But then things get even better. I am chatting to some guys outside the shop as I reload Haggis. That mountain range I avoided? It’s famous coz of its 13% grades. Haggis and me don’t do 13% grades. Even TdF cyclists with featherlight bikes don’t care for such inclines. So a bad day becomes a good day and ends even better when I get fish for tea!

Bike tech aside: Haggis is better but the men at the bike shop warned that the cones on one side are pitted. This means that one day the rear wheel will need replacing. Wheels for touring bikes are expensive beasties. But maybe then it’s time for a Rohloff hub if a new wheel is needed. Why spend a lot of money when you can in fact spend an entire shedload?

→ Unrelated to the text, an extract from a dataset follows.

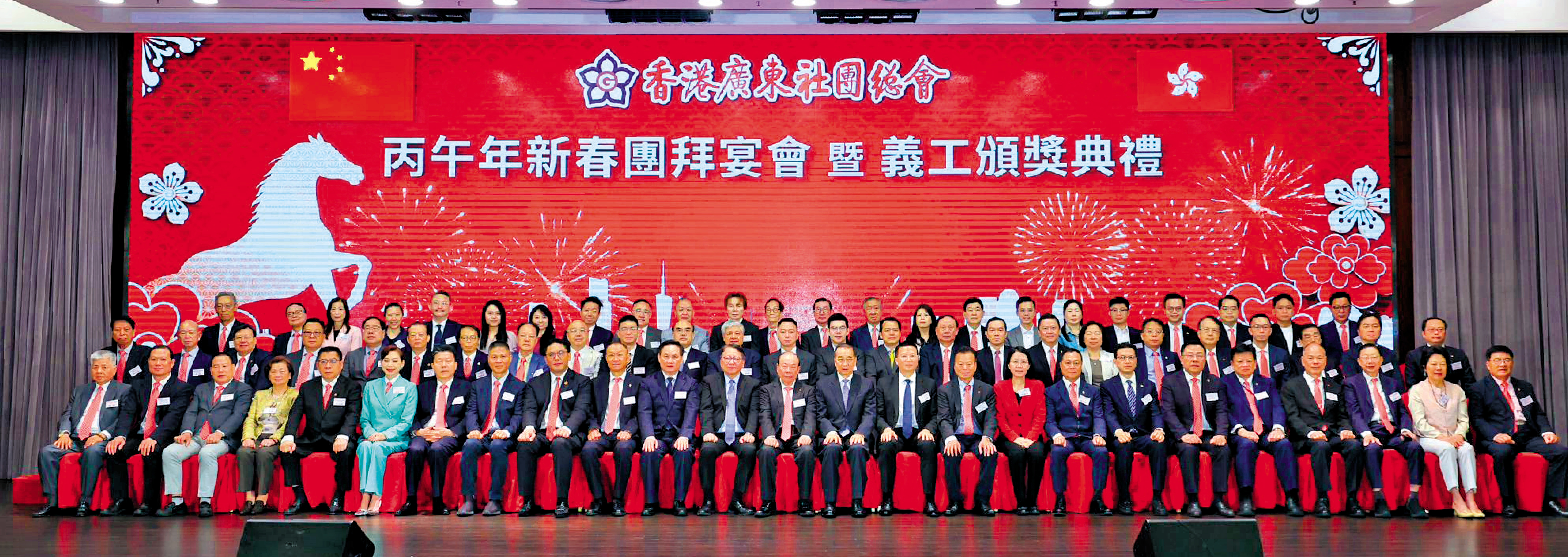 【大公報訊】記者龔學鳴報道:香港廣東社團總會昨日舉行「丙午年新春團拜宴會暨義工頒獎典禮」,現場匯聚社會各界賢達,共慶新春,並表彰過去一年在社區服務中表現卓越的義工。

Posted by me on July 29th, 2008

Drowning, not waving

The weather for the next few days is for rain but no thunder and lightning storms, so I regretfully decide to leave Madge’s and her fridge of pie but not before having a final piece for breakfast. I take a box of the leftover delicious courgette (zucchini) croustade for fuel. So I hit the road and 10 miles down the heavens open. A biblical style rain storm. A torrent. It doesn’t let up all day. We’re not talking an unpleasant drizzle here. We’re talking downpour. The rain is so heavy it stings my legs. The rain is so heavy I can hardly see as the water runs down my face. I am NOT amused! Also, it is humid. It’s a well known fact that Goretex doesn’t work when it’s humid. I am as wet inside as I am out. My shoes are waterlogged. I am very miserable. I don’t like Vermont so much now.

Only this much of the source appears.